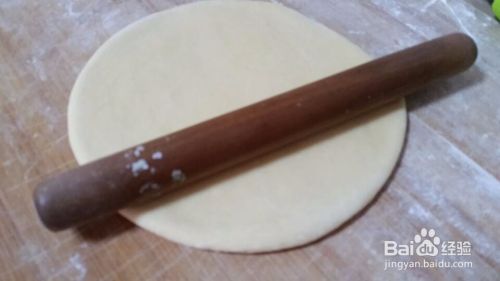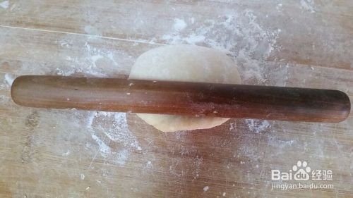 面团醒好后,拿出来,放在案板上,用擀面杖擀成大约0.8厘米厚的面饼(注意不要太薄,面饼太薄,不容易卷)。
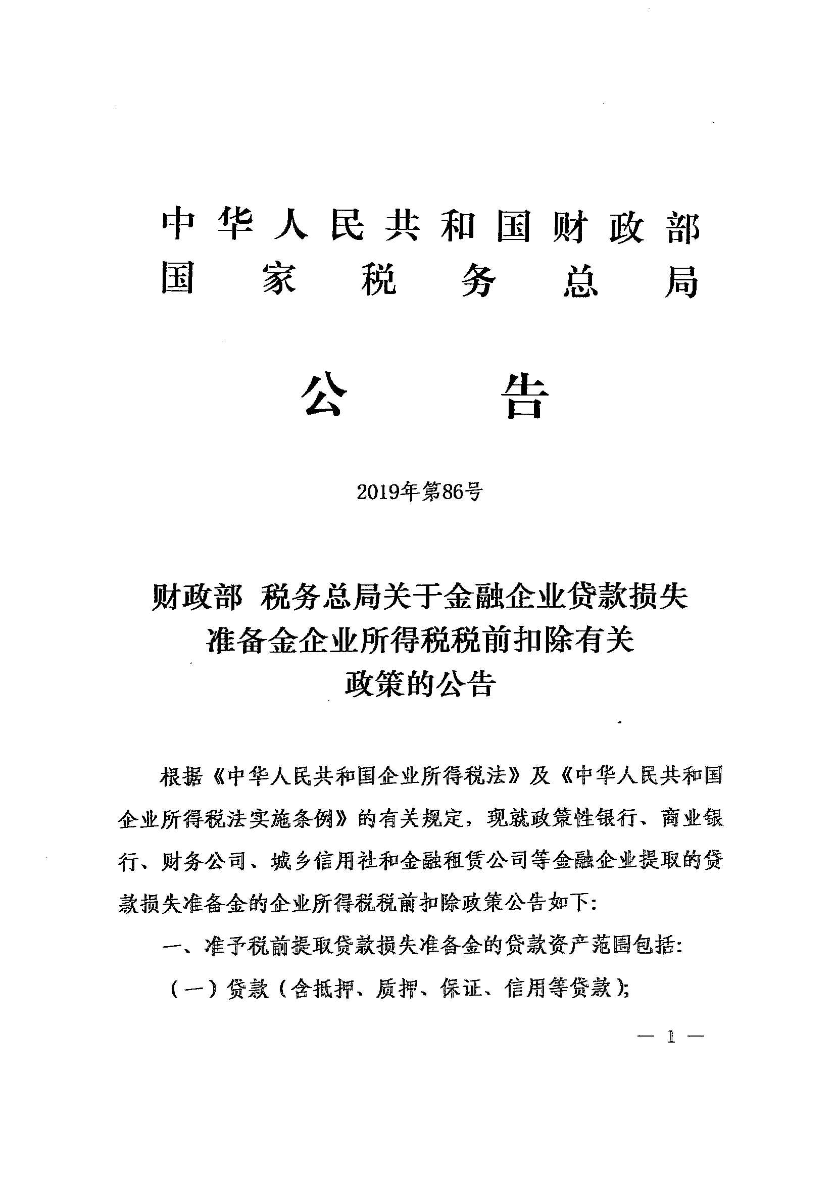 财政部 税务总局关于金融企业贷款损失准备金企业所得税税前扣除有关政策的公告
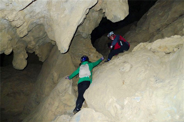 寒毛洞内小洞接大洞,大洞套小洞,洞洞相连,溶岩石或倒悬,或突兀,或横切,曲折幽奇,摸攀盘旋。

» WORK TO COMPLETE
Repeat the data exactly. No pictures should appear.

» EXERCISE RESPONSE
 面团醒好后,拿出来,放在案板上,用擀面杖擀成大约0.8厘米厚的面饼(注意不要太薄,面饼太薄,不容易卷)。
 财政部 税务总局关于金融企业贷款损失准备金企业所得税税前扣除有关政策的公告
 寒毛洞内小洞接大洞,大洞套小洞,洞洞相连,溶岩石或倒悬,或突兀,或横切,曲折幽奇,摸攀盘旋。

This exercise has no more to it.